## TASK BRIEF
A verbatim reproduction of the lines below, from the line containing "- Габионы, контейнеры" through the line containing "Британская полиция арестовала", both ends included, is the whole required output.

## RECORDS SUPPLIED
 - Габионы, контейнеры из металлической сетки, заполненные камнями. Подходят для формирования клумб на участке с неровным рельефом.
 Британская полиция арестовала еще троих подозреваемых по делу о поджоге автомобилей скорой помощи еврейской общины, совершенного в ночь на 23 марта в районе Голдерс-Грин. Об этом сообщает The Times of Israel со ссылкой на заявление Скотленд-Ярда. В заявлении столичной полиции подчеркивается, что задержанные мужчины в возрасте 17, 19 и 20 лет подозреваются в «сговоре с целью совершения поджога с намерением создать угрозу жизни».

---

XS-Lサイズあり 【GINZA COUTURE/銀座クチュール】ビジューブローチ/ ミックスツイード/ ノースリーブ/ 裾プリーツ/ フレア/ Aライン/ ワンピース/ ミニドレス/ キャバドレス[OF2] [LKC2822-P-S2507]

## ANSWER FOR THE TASK
 - Габионы, контейнеры из металлической сетки, заполненные камнями. Подходят для формирования клумб на участке с неровным рельефом.
 Британская полиция арестовала еще троих подозреваемых по делу о поджоге автомобилей скорой помощи еврейской общины, совершенного в ночь на 23 марта в районе Голдерс-Грин. Об этом сообщает The Times of Israel со ссылкой на заявление Скотленд-Ярда. В заявлении столичной полиции подчеркивается, что задержанные мужчины в возрасте 17, 19 и 20 лет подозреваются в «сговоре с целью совершения поджога с намерением создать угрозу жизни».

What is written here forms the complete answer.